The home in Epping happened to be located close to the RAF airfield at North Weald, which provided young Pelly-Fry with many opportunities to observe aircraft in operation. From a very early age Pelly-Fry had a fascination with flight. He became involved in aeromodeling, and at the age of 17 became a member of the British Wakefield team. There were no model kit manufacturers at the time, and the aircraft were all hand built from scratch materials. He gained a reputation as a designer and flyer, and flew his own designs on Wimbledon Common. He helped formulate the Wakefield Cup rules, and was a member of the British team from 1928 to 1932. During this time he worked through the week at the tea company, and spent his evenings either designing and building aircraft or writing about doing so in model aircraft magazines. The week-ends were often spent at Wakefield Commons. In 1933 Pelly-Fry accepted the invitation of American Gordon Light to fly his entry in the cup. Competing against six British entries, he finished tied for second.

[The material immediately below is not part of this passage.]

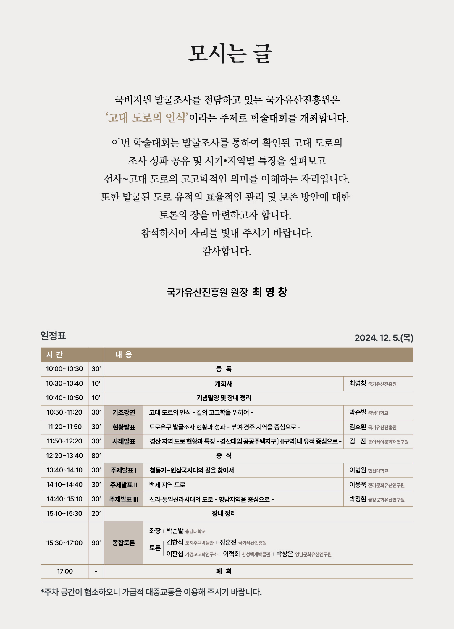 [국가유산진흥원] '고대 도로의 인식' 학술대회 개최 안내(12/5)

Pelly-Fry was very interested in becoming a pilot himself, but it was an expensive undertaking. Friends he had made in aeromodeling were able to encourage and direct him, and he applied for a position in the Royal Air Force. Though he did not initially succeed in getting into the RAF proper, in 1933 he was accepted for the Reserve of Air Force Officers. He spent a year at the de Havilland School of Flying in Hatfield, Hertfordshire, from June 1933 to October 1934. The curriculum covered flying, and the design, manufacture, and operation of aircraft. The instructors were engineers from the de Havilland aircraft company. The following year he signed on with an air charter firm at Heston Aerodrome to fly Fleet Street newspapers to Paris.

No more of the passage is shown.